Notwithstanding any other provision of law—

(a) Application

Any alien admitted to the United States as a nonimmigrant under the provisions of either section 101(a)(15)(A)(i) or (ii) or 101(a)(15)(G)(i) or (ii) of the Immigration and Nationality Act [8 U.S.C. 1101(a)(15)(A)(i), (ii), (G)(i), (ii)], who has failed to maintain a status under any of those provisions, may apply to the Attorney General for adjustment of his status to that of an alien lawfully admitted for permanent residence.

(b) Record of admission

If, after consultation with the Secretary of State, it shall appear to the satisfaction of the Attorney General that the alien has shown compelling reasons demonstrating both that the alien is unable to return to the country represented by the government which accredited the alien or the member of the alien's immediate family and that adjustment of the alien's status to that of an alien lawfully admitted for permanent residence would be in the national interest, that the alien is a person of good moral character, that he is admissible for permanent residence under the Immigration and Nationality Act [8 U.S.C. 1101 et seq.], and that such action would not be contrary to the national welfare, safety, or security, the Attorney General, in his discretion, may record the alien's lawful admission for permanent residence as of the date the order of the Attorney General approving the application for adjustment of status is made.

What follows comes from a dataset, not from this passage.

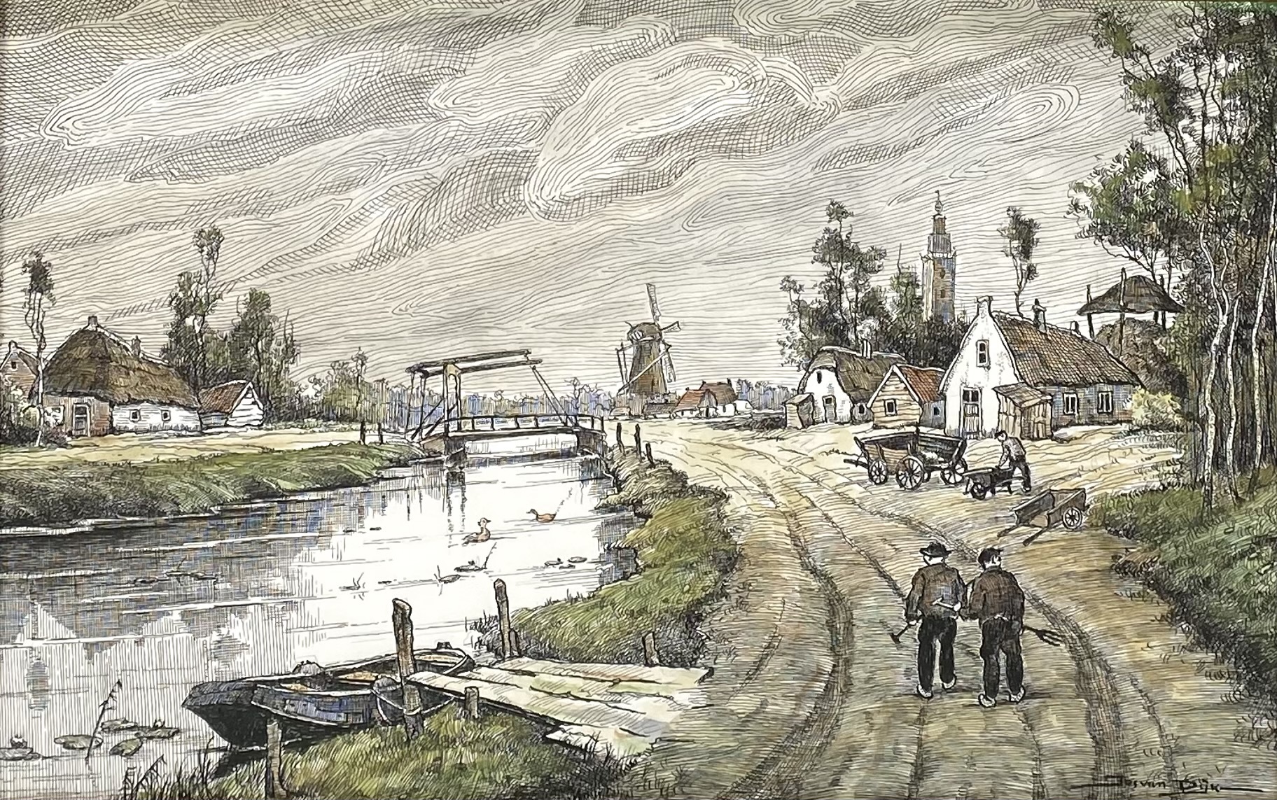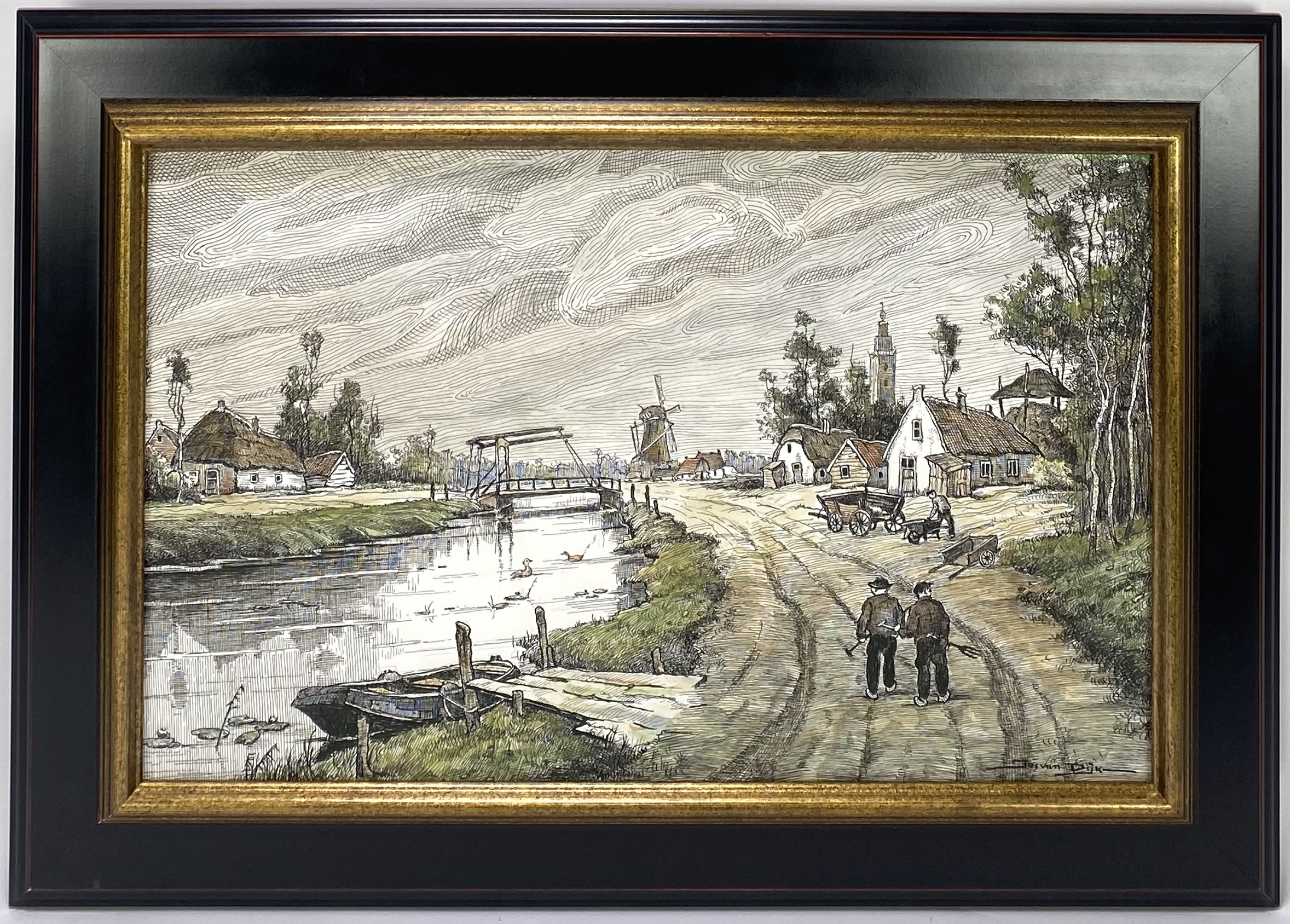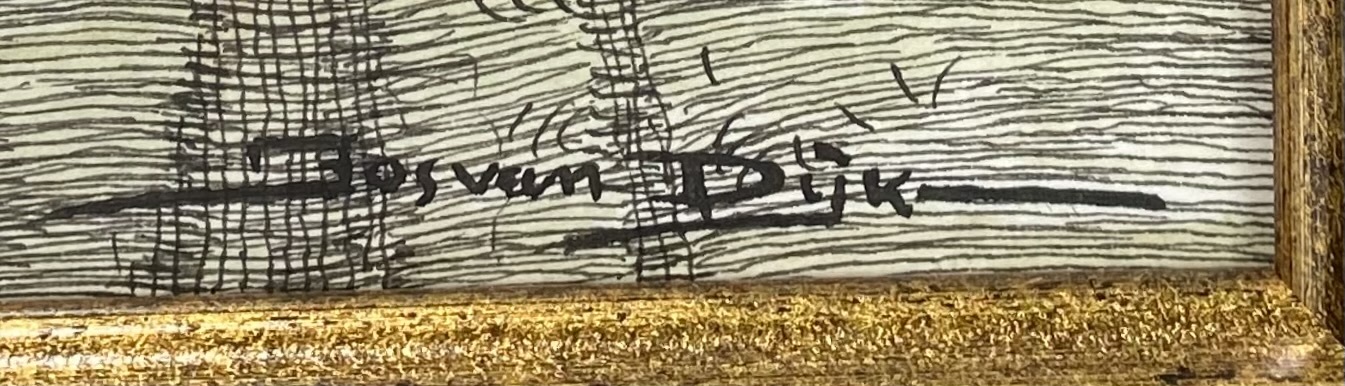Pentekening met aquarel op papier is rechtsonder gesigneerd door de Nederlandse schilder Jos van Dijk (1913–1998). Het werk uit de midden 20e eeuw toont een naturalistisch dorpsgezicht met een ophaalbrug, molen en kerk langs een vaart. De techniek combineert een gedetailleerde lijntekening in inkt met lichte aquarelwassingen. Wil je direct deelnemen? Plaats vanaf 21 november alvast een schriftelijk bod via onze website! |

(c) Report to the Congress; resolution not favoring adjustment of status; reduction of quota

A complete and detailed statement of the facts and pertinent provisions of law in the case shall be reported to the Congress with the reasons for such adjustment of status. Such reports shall be submitted on the first day of each calendar month in which Congress is in session. The Secretary of State shall, if the alien was classifiable as a quota immigrant at the time of his entry, reduce by one the quota of the quota area to which the alien is chargeable under section 202 of the Immigration and Nationality Act [8 U.S.C. 1152] for the fiscal year then current or the next following year in which a quota is available. No quota shall be so reduced by more than 50 per centum in any fiscal year.

(d) Limitations

The number of aliens who may be granted the status of aliens lawfully admitted for permanent residence in any fiscal year, pursuant to this section, shall not exceed fifty.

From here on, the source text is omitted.